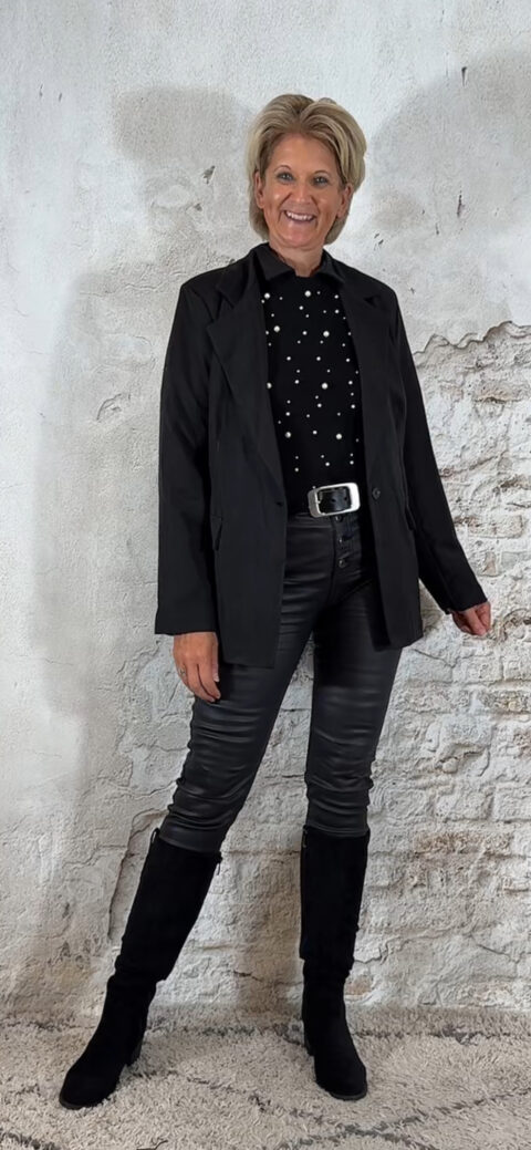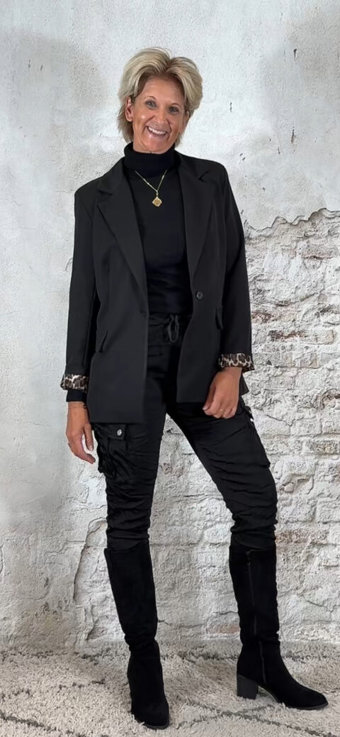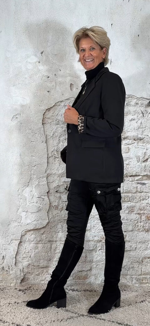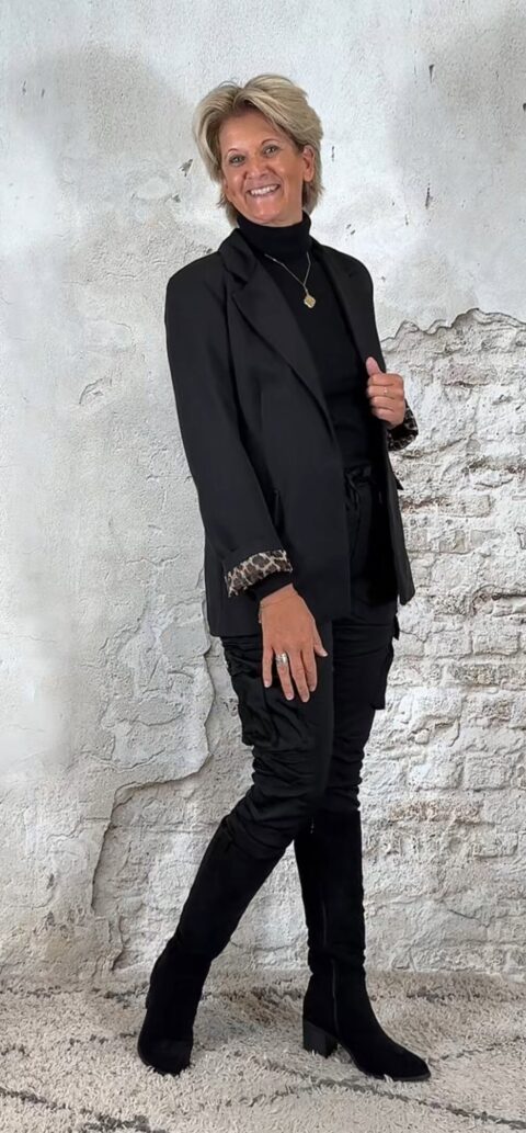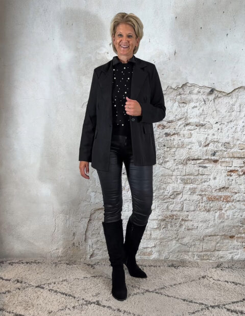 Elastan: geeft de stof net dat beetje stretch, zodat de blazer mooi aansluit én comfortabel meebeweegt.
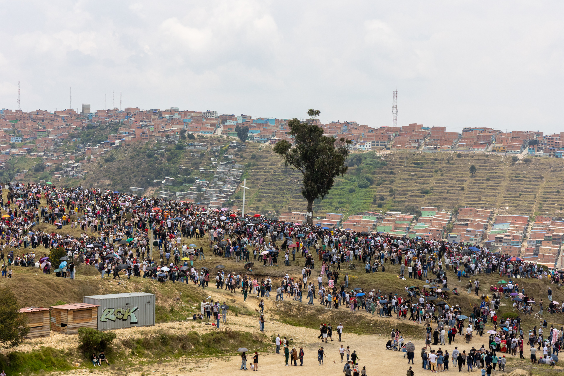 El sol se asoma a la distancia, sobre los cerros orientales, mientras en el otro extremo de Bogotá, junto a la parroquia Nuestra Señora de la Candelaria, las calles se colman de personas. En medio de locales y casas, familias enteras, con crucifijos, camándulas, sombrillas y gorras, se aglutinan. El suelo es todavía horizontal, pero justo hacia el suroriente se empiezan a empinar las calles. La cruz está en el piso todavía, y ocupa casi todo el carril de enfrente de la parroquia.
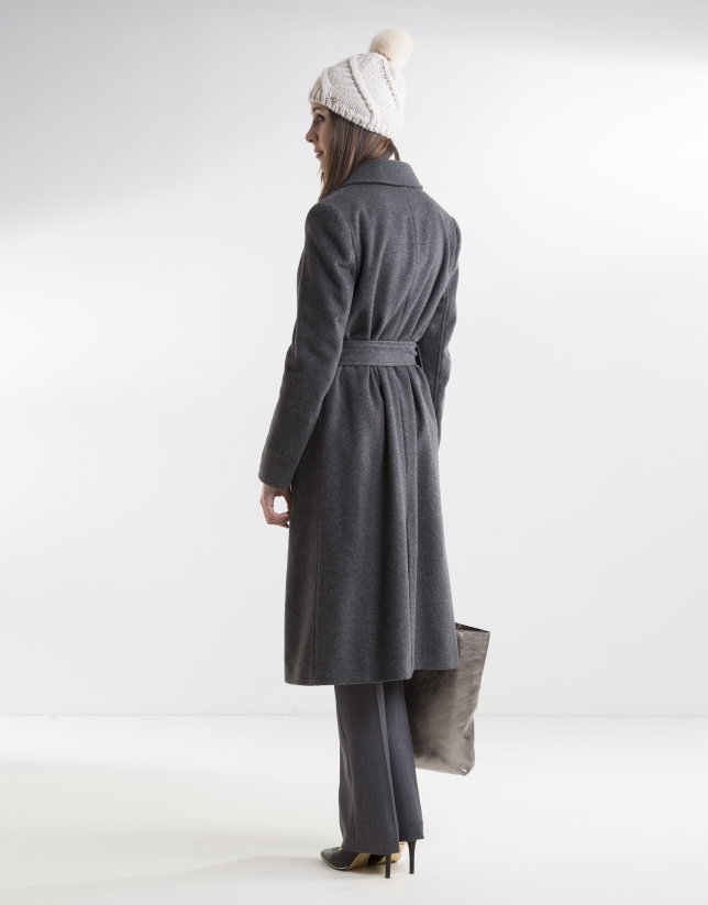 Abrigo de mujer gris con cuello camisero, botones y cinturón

____

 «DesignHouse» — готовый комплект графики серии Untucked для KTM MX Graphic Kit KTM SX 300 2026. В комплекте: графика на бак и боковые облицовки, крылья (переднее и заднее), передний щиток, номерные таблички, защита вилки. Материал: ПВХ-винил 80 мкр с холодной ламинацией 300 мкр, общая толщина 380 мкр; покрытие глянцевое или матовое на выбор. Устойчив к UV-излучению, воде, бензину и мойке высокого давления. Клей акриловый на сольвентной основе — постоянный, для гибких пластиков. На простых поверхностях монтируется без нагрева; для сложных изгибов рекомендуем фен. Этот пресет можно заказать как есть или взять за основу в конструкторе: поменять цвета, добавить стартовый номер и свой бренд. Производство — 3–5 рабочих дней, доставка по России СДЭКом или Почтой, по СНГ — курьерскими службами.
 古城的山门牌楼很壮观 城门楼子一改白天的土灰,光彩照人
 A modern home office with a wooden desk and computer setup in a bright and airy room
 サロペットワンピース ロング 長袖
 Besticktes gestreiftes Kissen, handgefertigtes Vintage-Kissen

____

• [YOUR INSTRUCTIONS]
Starting with the line above that holds "El sol se asoma", restate each line word for word up to and including the line that holds "Abrigo de mujer". Drop the pictures.

• [RESULT BELOW]
 El sol se asoma a la distancia, sobre los cerros orientales, mientras en el otro extremo de Bogotá, junto a la parroquia Nuestra Señora de la Candelaria, las calles se colman de personas. En medio de locales y casas, familias enteras, con crucifijos, camándulas, sombrillas y gorras, se aglutinan. El suelo es todavía horizontal, pero justo hacia el suroriente se empiezan a empinar las calles. La cruz está en el piso todavía, y ocupa casi todo el carril de enfrente de la parroquia.
 Abrigo de mujer gris con cuello camisero, botones y cinturón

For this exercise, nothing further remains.